Compared to the first algorithm, this is highly efficient, as it has linear complexity and requires constant space. There are faster ways to compute the nth Fibonacci number though.

Matrix Form

The Fibonacci sequence can also be described in matrix form as follows:

\[\begin{aligned} \begin{bmatrix} F_{k+2} \\ F_{k+1} \end{bmatrix}=\begin{bmatrix} 1 & 1 \\ 1 & 0 \end{bmatrix}*\begin{bmatrix} F_{k+1} \\ F_k \end{bmatrix} \end{aligned}\]

Note that the next pair of numbers in the sequence, \(F_{k+3}, F_{k+2}\) can be expressed as:

\[\begin{aligned} \begin{bmatrix} F_{k+3} \\ F_{k+2} \end{bmatrix}=\begin{bmatrix} 1 & 1 \\ 1 & 0 \end{bmatrix}*\begin{bmatrix} F_{k+2} \\ F_{k+1} \end{bmatrix}=\begin{bmatrix} 1 & 1 \\ 1 & 0 \end{bmatrix}*\begin{bmatrix} 1 & 1 \\ 1 & 0 \end{bmatrix}*\begin{bmatrix} F_{k+1} \\ F_k \end{bmatrix} \end{aligned}\]

Thus we have the formula:

\[\begin{aligned} \begin{bmatrix} F_n \\ F_n - 1 \end{bmatrix}=\begin{bmatrix} 1 & 1 \\ 1 & 0 \end{bmatrix}^{n-1}*\begin{bmatrix} F_1 \\ F_0 \end{bmatrix} \end{aligned}\]

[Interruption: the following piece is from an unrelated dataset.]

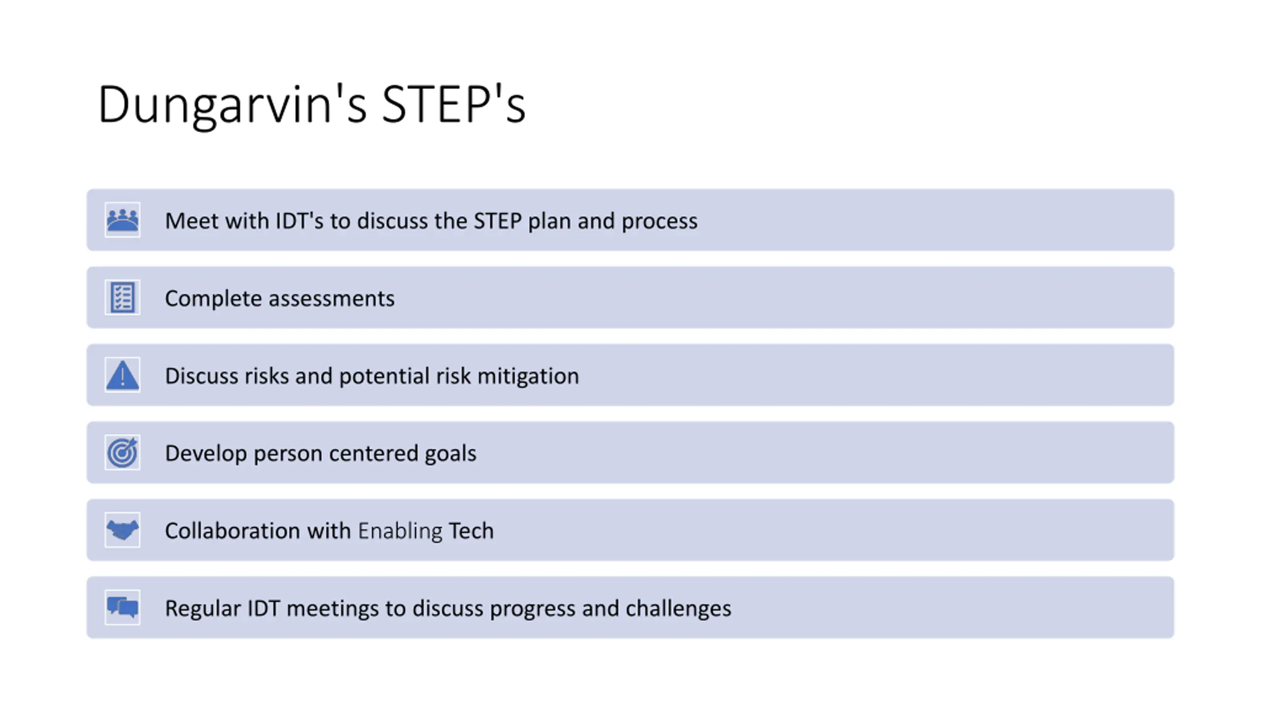 Dungarvin's STEP's Meet with IDT's to discuss the STEP plan and process Complete assessments Discuss risks and potential risk mitigation Develop person centered goals Collaboration with Enabling Tech Regular IDT meetings to discuss progress and challenges

Since \(F_0 = 0\) and \(F_1 = 1\), \(F_n\) is the element at index \((0, 0)\) in:

\[\begin{aligned} \begin{bmatrix} 1 & 1 \\ 1 & 0 \end{bmatrix}^{n-1} \end{aligned}\]

Assuming we have a function for exponentiating 2x2 matrices exp2x2, we can implement an algorithm to compute the nth Fibonacci number like this:

fn fib3(n: i32) -> i32 {
    if n == 0 { return 0; }
    if n == 1 { return 1; }

    let a = [
        [1, 1],
        [1, 0],
    ];

    exp2x2(a, n - 1)[0][0]
}

The complexity of this algorithm is given by the complexity of exp2x2. A simple implementation of matrix exponentiation given a matrix multiplication function mul2x2 is:

fn exp2x2(a: [[i32; 2]; 2], n: i32) -> [[i32; 2]; 2] {
    let mut result = [
        [1, 0],
        [0, 1],
    ];

    for _ in 0..n {
        result = mul2x2(result, a);
    }

    result
}

This function computes a^n by starting with the identity matrix and multiplying it with a n times. The function for multiplying two 2x2 matrices is trivial:

fn mul2x2(a: [[i32; 2]; 2], b: [[i32; 2]; 2]) -> [[i32; 2]; 2] {
    [
        [a[0][0] * b[0][0] + a[1][0] * b[0][1], a[0][0] * b[1][0] + a[1][0] * b[1][1]],
        [a[0][1] * b[0][0] + a[1][1] * b[0][1], a[0][1] * b[1][0] + a[1][1] * b[1][1]],
    ]
}

With mul2x2 and exp2x2, our fib3 algorithm has linear complexity, which is determined by the number of times we call mul2x2 in our exponentiation function. There is a faster way to do exponentiation though: observe that \(x^7 = x^4 * x^2 * x\). In general, any number n and can be decomposed as a series of powers of two. So we can implement a fast_exp2x2 which works as follows:

if n == 1, return a
if n is even, return fast_exp2x2(a * a, n / 2)
if n is odd, return fast_exp2x2(a * a, (n - 1) / 2) * a

We stop when our exponent is 1 and return a. If n is even, we square the base and halve the exponent (for example \(x^8 = (x*x)^4\)). If n is odd, we do the same but multiply by the base (for example \(x^9 = (x*x)^4 * x\)). This is a recursive algorithm which halves n at each step, so we have logarithmic time and space complexity.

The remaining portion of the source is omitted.